Dört destekleyici çekirdeğe ve büyük kesintisiz açıklıklara dayanan masa benzeri, hibrit bir yapısal yaklaşım, yeni binalar için esnek bir temel oluşturuyor. Yapının bazı bölümleri için beton ve çelik gerekliyken, yapıştırılmış lamine ahşap kirişler yapının somutlaştırılmış karbonunu azaltmak için hafif içi boş beton zeminleri destekliyor.

İki yeni terminal binası, mümkün olduğunca şeffaf olacak şekilde tasarlanmış ve binanın içinden diğer tarafa doğrudan görüşe izin veriyor. Binalar arasındaki avlular, yerel bitki türleriyle yoğun bir şekilde bitkilendirilmiş ve güvenlik alanının her iki tarafında sık bir orman görünümü verilmiş.

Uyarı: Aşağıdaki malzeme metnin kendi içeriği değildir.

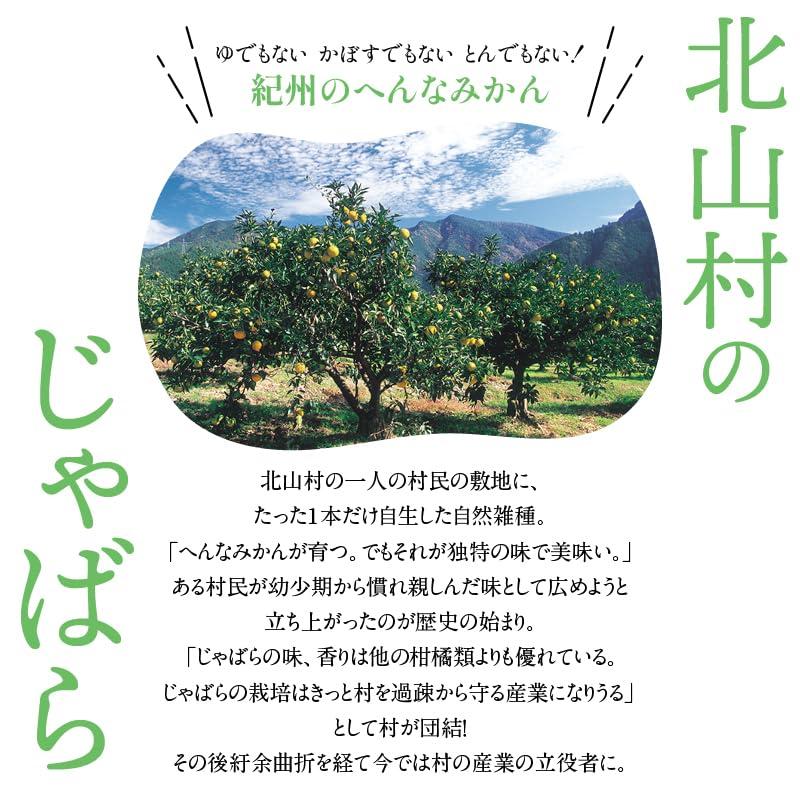 北山村にだけ自生する幻の果実 じゃばらって?『じゃばら』は昔から北山村に自生していた自然雑種で、 ここでしか栽培されていないため「幻の果実」と呼ばれています。「香酸柑橘」で、独特の風味がある大変珍しい柑橘です。

İlk aşamada güvenlik süreci sorunsuz olacak şekilde tasarlanmış. Vertiport erişiminin yanı sıra iş ve VIP salonları birinci katta yer alıyor, böylece güvenlik alanında seviye değişikliği veya opak bariyerler bulunmuyor. Bu da yolcuların hedefi olan havaalanının her zaman görünür olduğu anlamına geliyor. Binanın her iki tarafındaki doğa manzarasıyla birlikte bu durum, yolcuların havalimanındaki yolculuklarında yaşadıkları stresi en aza indirmeye yardımcı oluyor.

İkinci aşama bina, benzer büyüklükte ve aynı yapısal prensiple güvenlik genişletmesinin ‘ikizi’ olarak önerilmiş. Tasarım ekibi, bu binanın havaalanına doğrudan cephesinin, havaalanı genişlemeye devam ettikçe gelecekte son derece değerli olacağını düşünmüş. Basit ve esnek bir yerleşim planıyla, bu bina alanı gelecekte kolayca havalimanının işlem alanlarının bir parçasına dönüştürülebilir, böylece maliyetli ve sürdürülemez bir yeniden inşa sürecinden kaçınılabilir.

Binalar, Çek Cumhuriyeti’nin uydudan alınan yeşil görüntüsüyle kaplanmış ve bu görüntü hem çatıda hem de iç mekanın tavanında görülebiliyor. Dış cephede, bu baskılı cam, bina tarafından kullanılan enerjinin bir kısmını üretmek için fotovoltaikler içeriyor. Ayrıca, binanın ülke çapındaki çeşitli güncel olaylar hakkında bilgi iletmesine olanak tanıyan programlanabilir aydınlatma unsurları da içeriyor. Bu baskılı cam, binanın karakteristik görünümünü sağlamanın yanı sıra, stratejik noktalarda güneş ışınımını azaltarak projeyi daha sürdürülebilir hale getiriyor.

Havaalanı bulvarının diğer tarafında, önerideki üçüncü bina, bir park yapısının üzerinde bir konferans salonu ve otele ev sahipliği yapıyor. Kama şeklindeki araziden yararlanan tasarım, ön köşesinde havaalanına doğru giden ziyaretçileri karşılayan beş katlı büyük bir giriş lobisi içeriyor.

İki havaalanı genişletme binası gibi, bu bina da ülkenin uydu görüntüsüyle kaplanmış ve bu görüntünün bir kısmı lobi duvarında belirgin bir şekilde yer alıyor. Diğer binalarda olduğu gibi, zaman içinde programda meydana gelebilecek değişikliklere uyum sağlamak amacıyla tasarımda esneklik esas alınmış.